** Data extract follows **
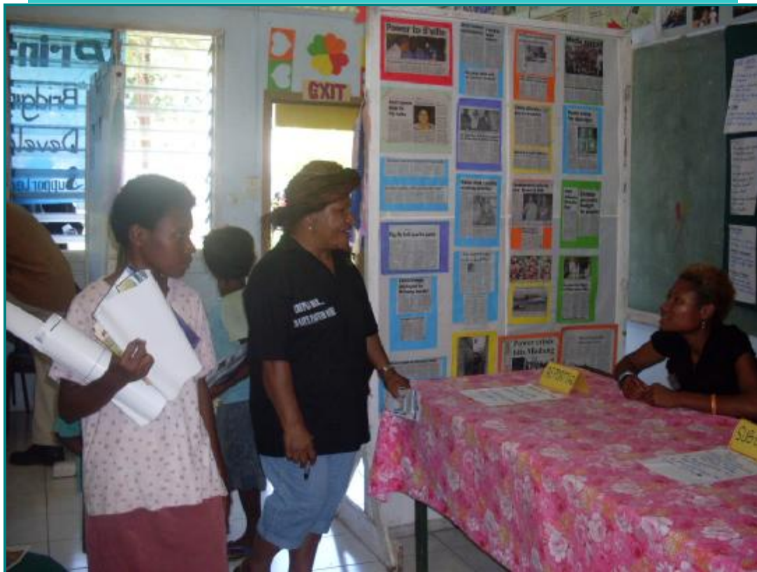
Explaining the role of the reporter, sub-editor and chief of staff in the print medium
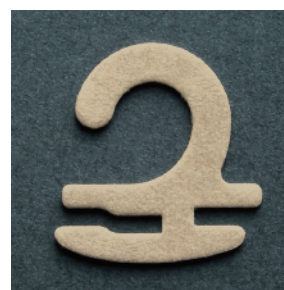
TEF-01N (former of BD-12) w27×h28.5mm

It is a paper with a very strong and gentle texture.
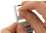
Separating a strip from the WMB or WMB marker card.
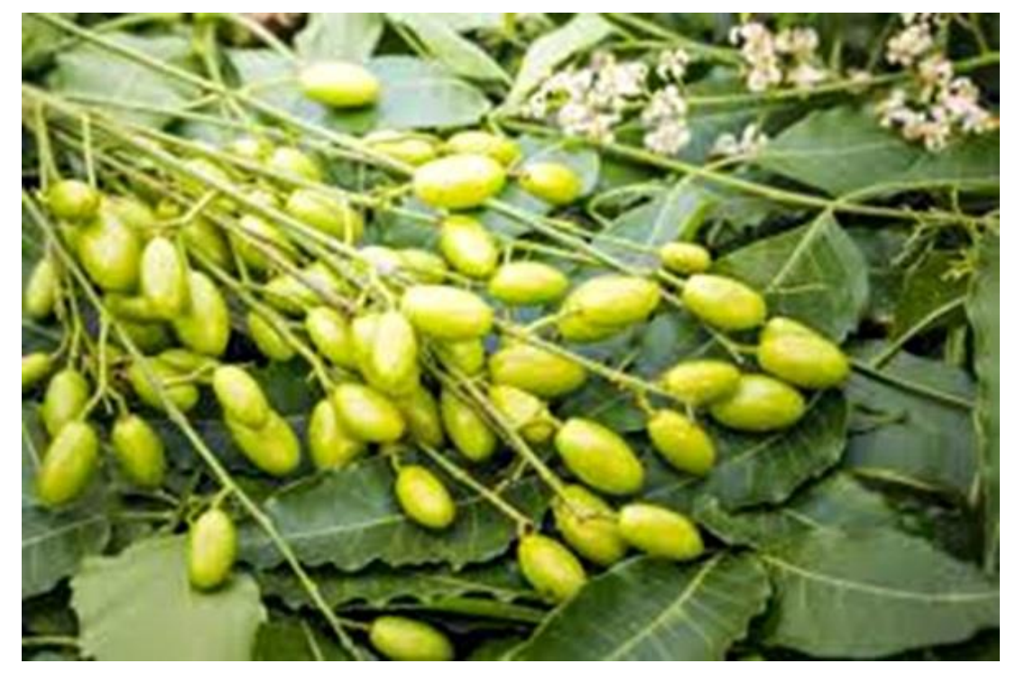
Plate: Azadirachta indica Fruits

also on riverine Habitat. It has no occurrence over the tops of sand dunes as well as on hills top surface.
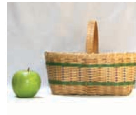
SU-4-90 Sunday 8:00am-12:00pm

4 Hours 8 1/2"Hx 4" dia (gourds Vary) All Levels $50
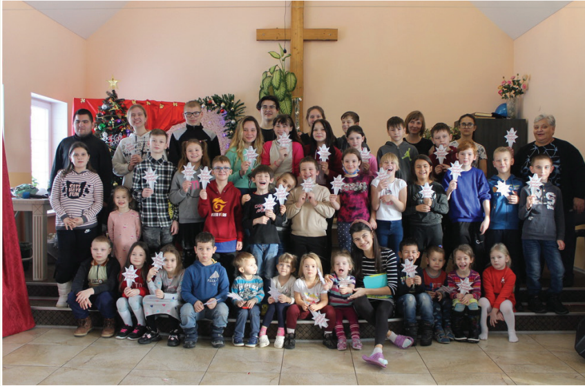
The children received gifts, Children's Bibles, and their much cherished Bethlehem Stars from North American supporters.
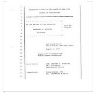
Scarpino & Streng on Internet
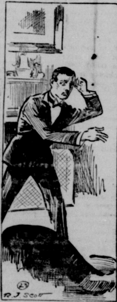
There was a wild expression in his eyes as he turned from the conflagration to glare at Constance

He found more papers lying on the desk and flung them into the mounting flames, whistling merrily. Constance was dumb and inert. She was truly frightened. No efficiency man in his senses could thus behave, she knew; and she could not yet believe that H. Hedge
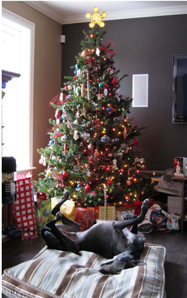
Darcy enjoys a Xmas snooze under the tree.
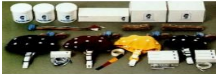
Figure.2 (Electro Cap System III)
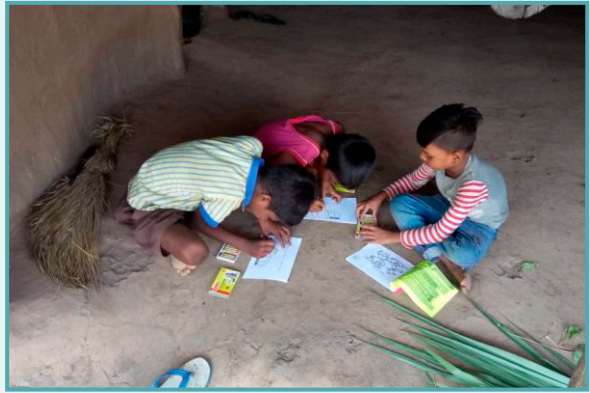
▶ Distribution of drawing books by Child Line during lockdown
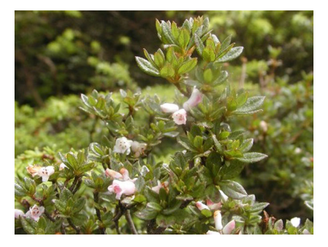
R. tschonoskii var. tetramerum. No credit credit.

like, flowers), this plant has white to flushed pink, four-lobed flowers, rarely five-lobed. Tiny tubular-campanulate flowers are only 5 to 7 mm (0.2-0.28 in) long (and 5 to 6 mm (0.2-0.24 in) wide. The lobes are only 2 to 3 mm (0.8-0.12 in) long, which makes them shorter than the corolla tube. The pedicel is 2 to 4.5 mm (0.8-0.18 in) long. There are four stamens that do not exceed the length of the corolla. Its branches crawl on the ground so the overall size is much
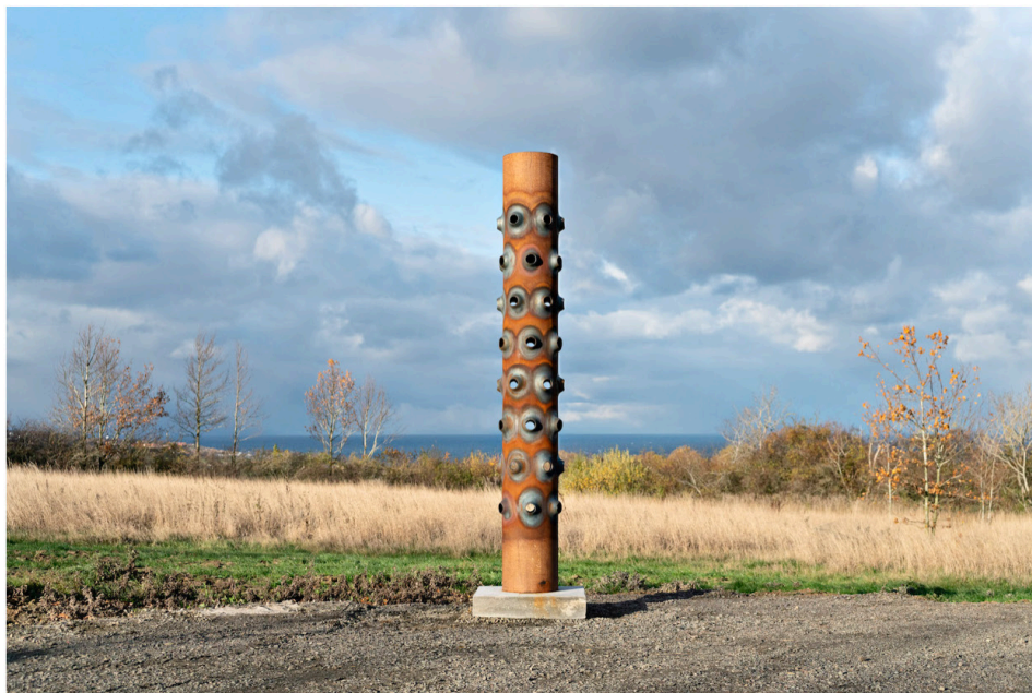
Sculpture by Jakob Jørgensen.

“When you start heating the material it totally loses control and form, where it was straight it starts to deform and crack... You either have to go with the material, or you will get lost in trying to make tools that can try to control it. In the beginning I had more control, but now because of the scale it is falling through my hands a little bit. At the same time the process is becoming a lot more interesting as the material becomes more alive and human in a way.”
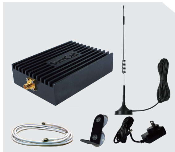
4G LTE with Suction-mount Antenna

Model SC-SOLOVI-15 for Verizon with Suction Mount Antenna
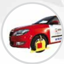
Wheel clamps for cars and trucks
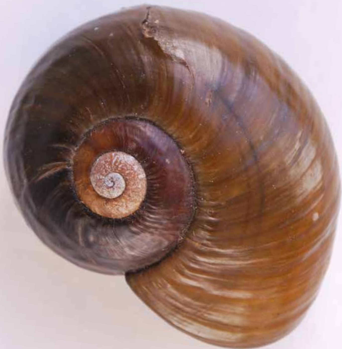
Pupu Rangi or Pupu Harakeke, the flax snail. Natural history collection. Museum at Te Ahu
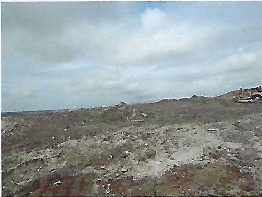
CCR disposal at landfill
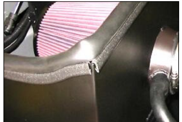
18. 2004-05 Models Only: Connect the factory breather hose to the Airaid Cool Air Dam & secure using the #24 Speed clamp provided.
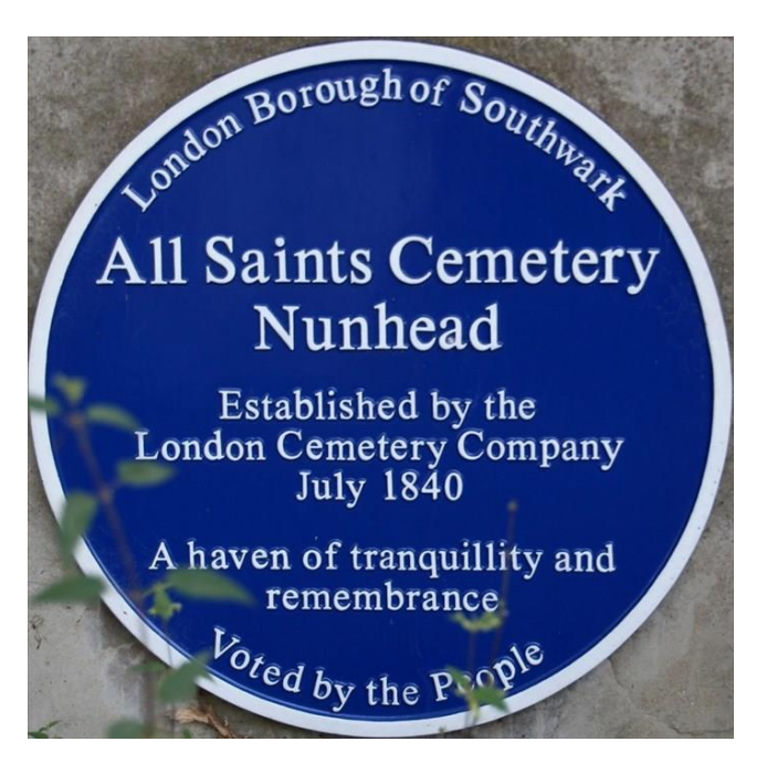
All Saints Cemetery, Nunhead

There is also 1 Belgian burial of the 1914-1918 war and 7 Non-war Service burials, all commemorated on the Screen Wall. (Information from CWGC)
** End of Data extract **
== Required action ==
Please repeat all of the data exactly, excluding images.

== Written solution ==
Explaining the role of the reporter, sub-editor and chief of staff in the print medium
TEF-01N (former of BD-12) w27×h28.5mm

It is a paper with a very strong and gentle texture.
Separating a strip from the WMB or WMB marker card.
Plate: Azadirachta indica Fruits

also on riverine Habitat. It has no occurrence over the tops of sand dunes as well as on hills top surface.
SU-4-90 Sunday 8:00am-12:00pm

4 Hours 8 1/2"Hx 4" dia (gourds Vary) All Levels $50
The children received gifts, Children's Bibles, and their much cherished Bethlehem Stars from North American supporters.
Scarpino & Streng on Internet
There was a wild expression in his eyes as he turned from the conflagration to glare at Constance

He found more papers lying on the desk and flung them into the mounting flames, whistling merrily. Constance was dumb and inert. She was truly frightened. No efficiency man in his senses could thus behave, she knew; and she could not yet believe that H. Hedge
Darcy enjoys a Xmas snooze under the tree.
Figure.2 (Electro Cap System III)
▶ Distribution of drawing books by Child Line during lockdown
R. tschonoskii var. tetramerum. No credit credit.

like, flowers), this plant has white to flushed pink, four-lobed flowers, rarely five-lobed. Tiny tubular-campanulate flowers are only 5 to 7 mm (0.2-0.28 in) long (and 5 to 6 mm (0.2-0.24 in) wide. The lobes are only 2 to 3 mm (0.8-0.12 in) long, which makes them shorter than the corolla tube. The pedicel is 2 to 4.5 mm (0.8-0.18 in) long. There are four stamens that do not exceed the length of the corolla. Its branches crawl on the ground so the overall size is much
Sculpture by Jakob Jørgensen.

“When you start heating the material it totally loses control and form, where it was straight it starts to deform and crack... You either have to go with the material, or you will get lost in trying to make tools that can try to control it. In the beginning I had more control, but now because of the scale it is falling through my hands a little bit. At the same time the process is becoming a lot more interesting as the material becomes more alive and human in a way.”
4G LTE with Suction-mount Antenna

Model SC-SOLOVI-15 for Verizon with Suction Mount Antenna
Wheel clamps for cars and trucks
Pupu Rangi or Pupu Harakeke, the flax snail. Natural history collection. Museum at Te Ahu
CCR disposal at landfill
18. 2004-05 Models Only: Connect the factory breather hose to the Airaid Cool Air Dam & secure using the #24 Speed clamp provided.
All Saints Cemetery, Nunhead

There is also 1 Belgian burial of the 1914-1918 war and 7 Non-war Service burials, all commemorated on the Screen Wall. (Information from CWGC)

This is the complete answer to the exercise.